◆ Exercise aim
The records below are to be restated word for word; their pictures are not.

◆ Data records
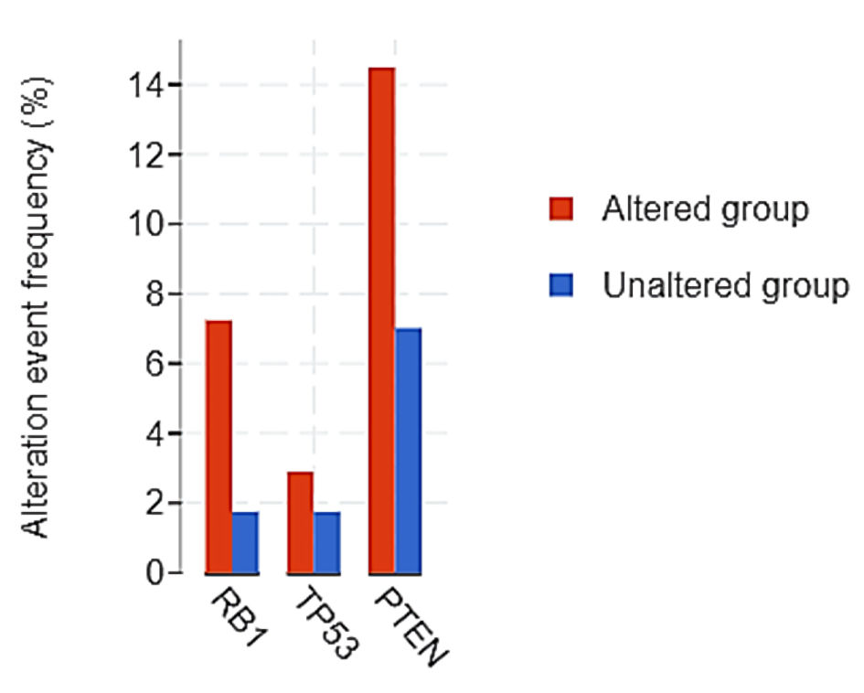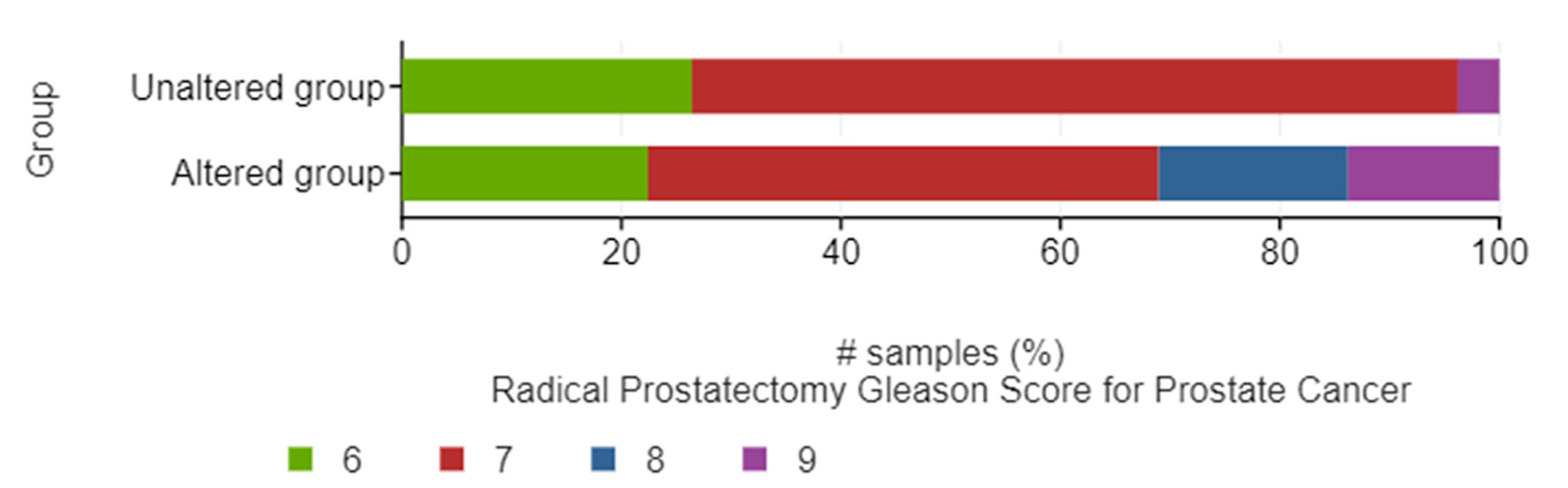 ![]() Click for large image | Figure 2. Bar graphs of the distribution between altered and unaltered groups of patients within different Gleason scores. |
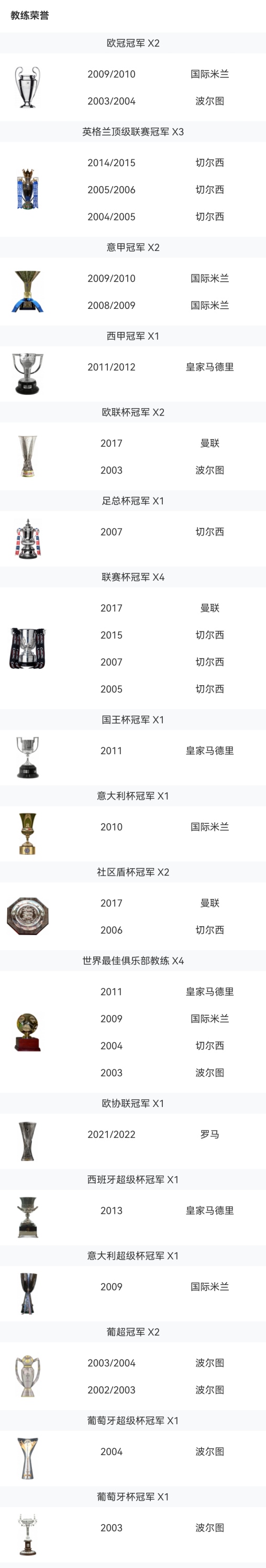 62岁的穆里尼奥最近一次率队夺冠照旧21/22赛季在罗马拿到的欧协联冠军。再往前记忆,即是曼联期间16/17赛季拿到的“小三冠”。
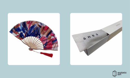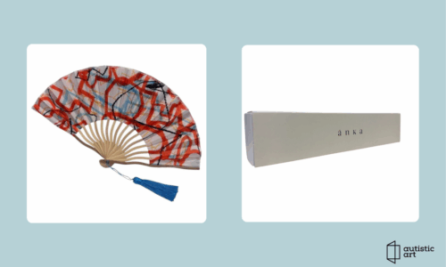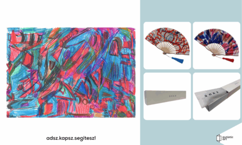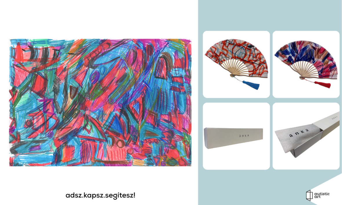 12. Bálizs Mihály autista fiatal grafikája és 2 darab Autistic Art legyező
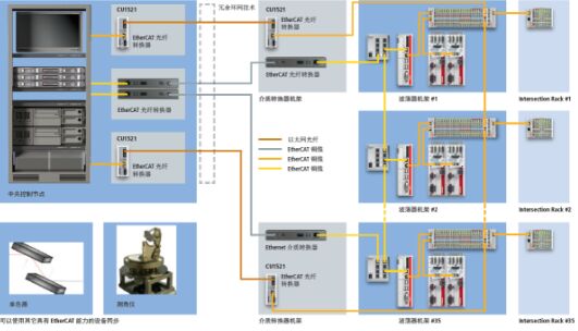 每個(gè)波蕩器單元共有 4 個(gè) AM3052 伺服電機(jī) —— 通過(guò) TwinCAT NC PTP 控制 — 確保磁鐵結(jié)構(gòu)精確定位。(圖片顯示的是上面磁鐵結(jié)構(gòu)的兩個(gè)電機(jī)) 大量波蕩器單元需要復(fù)雜的自動(dòng)化系統(tǒng) SASE 波蕩器段使用 19 寸抽拉式工業(yè) PC C5210 控制。它們通過(guò)具有電纜冗余的 EtherCAT 環(huán)形拓?fù)浣Y(jié)構(gòu)聯(lián)網(wǎng)。由于隧道長(zhǎng)達(dá)數(shù)公里,因此必須使用光纖電纜。此外,每個(gè) SASE 段中的波蕩器單元通過(guò)菊花鏈形式的以太網(wǎng)互相鏈接。在每個(gè)波蕩器單元中,控制柜式 PC C6925 通過(guò) TwinCAT NC PTP 控制用于4 個(gè) AM3052 伺服電機(jī)的 2 個(gè) AX5206 伺服驅(qū)動(dòng)器。工業(yè) PC 還控制三個(gè)步進(jìn)電機(jī) — 兩個(gè)用于四極動(dòng)子,一個(gè)用于移相器。移相器電機(jī)與伺服驅(qū)動(dòng)器同步運(yùn)行,并校正各個(gè)波蕩器單元之間電子和光子束的相位。針對(duì)所需的 I/O 數(shù)據(jù),每個(gè)波蕩器單元提供 35 個(gè) EtherCAT 端子模塊,模擬量和數(shù)字量 I/O、以及脈沖、編碼器和橋接端子模塊。總體來(lái)說(shuō),基于 PC 的控制解決方案由三臺(tái) 19 英寸抽拉式工業(yè) PC C5210、91 臺(tái)控制柜式 PC C6925、182 個(gè) AX5206 伺服驅(qū)動(dòng)器、364 個(gè) AM3052 伺服電機(jī)以及約 3200 個(gè) EtherCAT 端子模塊構(gòu)成。
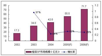 繼2004年中國政府和運營商監(jiān)管力度的加大,2005年的短信SP市場規(guī)模增長率為32%,SP市場規(guī)模55.5億元,比2004年略有上升。基于目前短信市場增量市場的縮小,其增長主要依靠對存量市場需求的深度挖掘。諾盛預計2006年的短信市場繼續(xù)保持平穩(wěn)的增長勢頭,增長率將達29%。
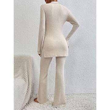 Show more Introducing the MakeMeChic Women's Pajama Set Loungewear Set, your go-to choice for cozy comfort and stylish versatility. This **two-piece outfit** features a long sleeve top delicately designed with a **rib knit** texture, ensuring not only a fabulous fit but also a soft touch against your skin. The flare leg pants add a trendy twist to your loungewear essentials, making this set perfect for various occasions, from casual outings to tranquil evenings at home. Available in a beautiful apricot hue, this set effortlessly combines comfort and style, enhancing your wardrobe with a touch of elegance.

◆ Completed task
 ![]() Click for large image | Figure 2. Bar graphs of the distribution between altered and unaltered groups of patients within different Gleason scores. |
 62岁的穆里尼奥最近一次率队夺冠照旧21/22赛季在罗马拿到的欧协联冠军。再往前记忆,即是曼联期间16/17赛季拿到的“小三冠”。
 12. Bálizs Mihály autista fiatal grafikája és 2 darab Autistic Art legyező
 每個(gè)波蕩器單元共有 4 個(gè) AM3052 伺服電機(jī) —— 通過(guò) TwinCAT NC PTP 控制 — 確保磁鐵結(jié)構(gòu)精確定位。(圖片顯示的是上面磁鐵結(jié)構(gòu)的兩個(gè)電機(jī)) 大量波蕩器單元需要復(fù)雜的自動(dòng)化系統(tǒng) SASE 波蕩器段使用 19 寸抽拉式工業(yè) PC C5210 控制。它們通過(guò)具有電纜冗余的 EtherCAT 環(huán)形拓?fù)浣Y(jié)構(gòu)聯(lián)網(wǎng)。由于隧道長(zhǎng)達(dá)數(shù)公里,因此必須使用光纖電纜。此外,每個(gè) SASE 段中的波蕩器單元通過(guò)菊花鏈形式的以太網(wǎng)互相鏈接。在每個(gè)波蕩器單元中,控制柜式 PC C6925 通過(guò) TwinCAT NC PTP 控制用于4 個(gè) AM3052 伺服電機(jī)的 2 個(gè) AX5206 伺服驅(qū)動(dòng)器。工業(yè) PC 還控制三個(gè)步進(jìn)電機(jī) — 兩個(gè)用于四極動(dòng)子,一個(gè)用于移相器。移相器電機(jī)與伺服驅(qū)動(dòng)器同步運(yùn)行,并校正各個(gè)波蕩器單元之間電子和光子束的相位。針對(duì)所需的 I/O 數(shù)據(jù),每個(gè)波蕩器單元提供 35 個(gè) EtherCAT 端子模塊,模擬量和數(shù)字量 I/O、以及脈沖、編碼器和橋接端子模塊。總體來(lái)說(shuō),基于 PC 的控制解決方案由三臺(tái) 19 英寸抽拉式工業(yè) PC C5210、91 臺(tái)控制柜式 PC C6925、182 個(gè) AX5206 伺服驅(qū)動(dòng)器、364 個(gè) AM3052 伺服電機(jī)以及約 3200 個(gè) EtherCAT 端子模塊構(gòu)成。
 繼2004年中國政府和運營商監(jiān)管力度的加大,2005年的短信SP市場規(guī)模增長率為32%,SP市場規(guī)模55.5億元,比2004年略有上升。基于目前短信市場增量市場的縮小,其增長主要依靠對存量市場需求的深度挖掘。諾盛預計2006年的短信市場繼續(xù)保持平穩(wěn)的增長勢頭,增長率將達29%。
 Show more Introducing the MakeMeChic Women's Pajama Set Loungewear Set, your go-to choice for cozy comfort and stylish versatility. This **two-piece outfit** features a long sleeve top delicately designed with a **rib knit** texture, ensuring not only a fabulous fit but also a soft touch against your skin. The flare leg pants add a trendy twist to your loungewear essentials, making this set perfect for various occasions, from casual outings to tranquil evenings at home. Available in a beautiful apricot hue, this set effortlessly combines comfort and style, enhancing your wardrobe with a touch of elegance.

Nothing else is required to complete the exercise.